Analysis of the external environment (analysis of the industry and the competitive situation)

To develop a strategy, perseverance, creativity and your own opinion are not enough, you also need a thorough analysis of the internal and external environment of the company, otherwise the strategy will not be viable. Particular attention should be paid to two groups of factors: first, the conditions in the industry and competition, and secondly, competitiveness, market position, strengths and weaknesses of the company.

All companies operate in the macro environment, which is influenced by the economy as a whole, demographic and technological changes, social values, regulatory and legislative acts, the competitive situation and the conditions of the industry (Fig. 1). The macro environment includes all significant environmental factors – significant in the sense that they are taken into account when choosing the business model and strategy of the company. The company cannot influence the external factors of the macro environment, but it must monitor them and adjust its strategy accordingly. Fig. 2 shows the sequence of assessing the position of the company when developing a strategy. A thorough analysis of the position of the company.
It is a necessary prerequisite for choosing the direction of the company’s development in the long term, setting goals and developing an effective strategy. In order not to make a mistake when choosing the direction of long-term development and strategy of the company, managers must know the strategic position of the company, i.e. know the characteristics of the industry, competition conditions, resources and capabilities of the company.

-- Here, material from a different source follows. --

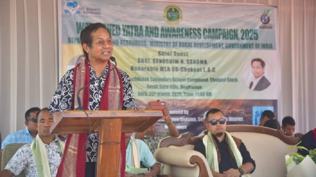 At Ganchikalak Secondary School, the Watershed Yatra—a national campaign supporting sustainable watershed management—engaged teachers and students in a number of hands-on environmental conservation activities. MLA of 59 Chokpot LAC, Sengchim N. Sangma, who is also the MDC of Chokpot GHADC, was the Chief Guest at the program’s opening ceremony. Former MDC Willy D. Shira, Wennison Ch. Marak, Shri Pittingson R. Marak (ADC, South Garo Hills), Chokpot Civil Sub-Division SDO, Dr. Merril N. Sangma (GHEPS President), K. C. Momin (GHEPS Advisor), John Oswin S. Momin (Divisional Soil & Water Conservation, Baghmara South Garo Hills), as well as Nokmas, Sordars, teachers, and students were present at the event.

This question considers the analysis of the industry and the competitive situation, i.e. a set of macro-environment factors that are strategically important for a single-profile company. In question 3, we will analyze the internal environment of the company and identify strategically significant internal factors and the company’s position in the market.

In terms of their economic characteristics, competitive conditions and profit prospects, industries vary greatly. The economic and competitive conditions in the truck industry, for example, differ significantly from those in retail. In cable television and the production of soft drinks, the situation in the industry and the conditions of competition are completely different. Competition can be moderate in one industry and very fierce in another; be guided by the price and other characteristics of the goods.

Economic characteristics, competitive conditions and their expected changes make it possible to predict the profitability of these industries. Much depends on the state of the industry: strong companies in unattractive industries sometimes struggle to achieve a satisfactory level of profitability, while even relatively weak companies in attractive industries show excellent results.

To analyze the general situation and competitive conditions of the industry, methods and techniques have been developed with the help of which an optimal strategy is created and its investment attractiveness is evaluated. The analysis involves the study of the company’s activities in the context of the external environment. The purpose of the analysis is to assess seven key environmental factors (see Fig. 2):

The main economic characteristics of the industry; Forms and intensity of competition; Reasons for changes in the structure of competition and the external environment; The strongest (weakest) competitors; Probable subsequent actions of competitors; Key factors of success in competition; The overall attractiveness of the industry and the prospects for achieving profitability are higher than the industry average.

The characteristic of all these factors is an assessment of the environment in which the company operates. They provide the basis for developing a strategy to take into account the changing conditions of competition and industry.